Table 2 Description of multi-faceted implementation strategy delivered to teams of physiotherapists mapped to behaviour change wheel [27]

Outcome measures

There are a range of outcomes measures that will be collected during phases I and II. They are classified as either.

  1. 1.

    Feasibility outcome measures of trial processes, resource use, and management systems (see Table 3), or

  2. 2.

    Implementation outcome measures and determinants of implementation (see Table 3), or

  3. 3.

    Patient-level clinical trial outcomes (see Table 4).

The feasibility outcome measures capture different aspects of the processes, resource use, and management required to run a large-scale implementation trial. For example, data on the processes include screen failures and reason for potential participants declining to be involved in phase II of the trial. Data on resource use include the number of times the digital devices did not work or needed to be repaired. They also include data on the amount of training the physiotherapist required. Data on management includes the number of digital devices from which dosage data were successfully retrieved, and who collected what data.

The feasibility outcome measures also capture patient- and implementation measures of feasibility during both phase I and phase II. These include measures such as patient safety, treatment fidelity, and the success of the implementation strategies in improving physiotherapists’ capabilities, opportunities, and motivation to use the digital devices.

Where appropriate, feasibility criteria have been specified for each outcome measure to guide any modifications required to the study design, implementation strategies and intervention for the proposed large-scale implementation trial (see Table 3).

Table 3 Feasibility outcome measures

The patient-level clinical trial outcomes include all the outcome measures that would be used in the future large-scale implementation trial. They are being collected at baseline and 3 weeks after randomization during phase II. If a patient is discharged before the scheduled 3-week assessment, every attempt will be made to collect all the patient-level measures prior to their discharge. The purposes of collecting these data are to ensure they are all suitable outcome measures for the future large-scale implementation trial and that they are all feasible to collect as well as to estimate the impact of the approach taken to guide future sample size calculations. They include measures of mobility, general health and function, quality of life, and physical activity. In addition, data on falls and adverse events will be collected over the 3-week intervention period (see Table 4).

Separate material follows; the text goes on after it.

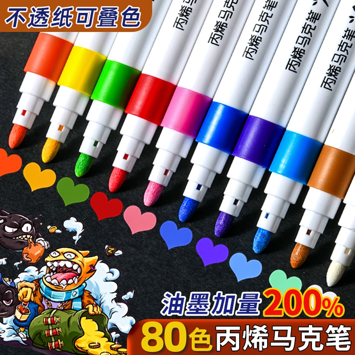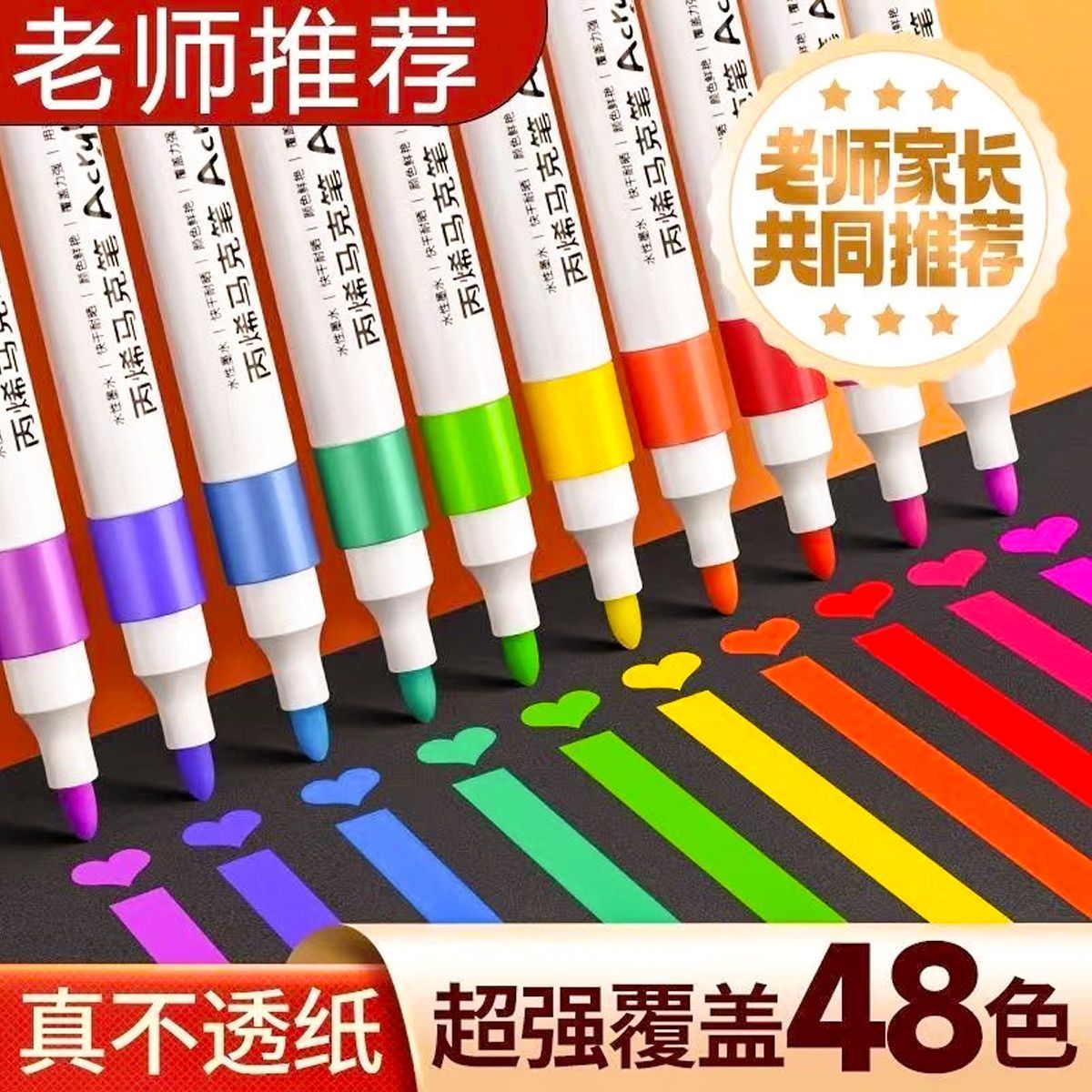 正版丙烯马克笔不透纸可叠色儿童学生专用美术幼儿园可水洗彩笔

Table 4 List of patient-level clinical trial outcome measures collected during phase II. These data will be collected at baseline (pre) and 3 weeks (post) for all patient-participants

Primary outcomes

The primary outcome measures are three of the key feasibility outcome measures that are deemed most important for determining the feasibility of conducting a future large-scale implementation trial. They will be collected during phase II from the study records and are described below.

  1. a.

    Management: dosage

Data will be collected to reflect how well the physiotherapists document the dosage of exercises provided both as part of usual care (both groups) and as part of the intervention (exercises prescribed with digital devices to the intervention group). The exercise practice sheets will be audited for both completeness and legibility, and the results presented as percentages.

  1. b.

    Processes: recruitment rate

This will be measured in terms of number of participants recruited per week (compared to the number screened).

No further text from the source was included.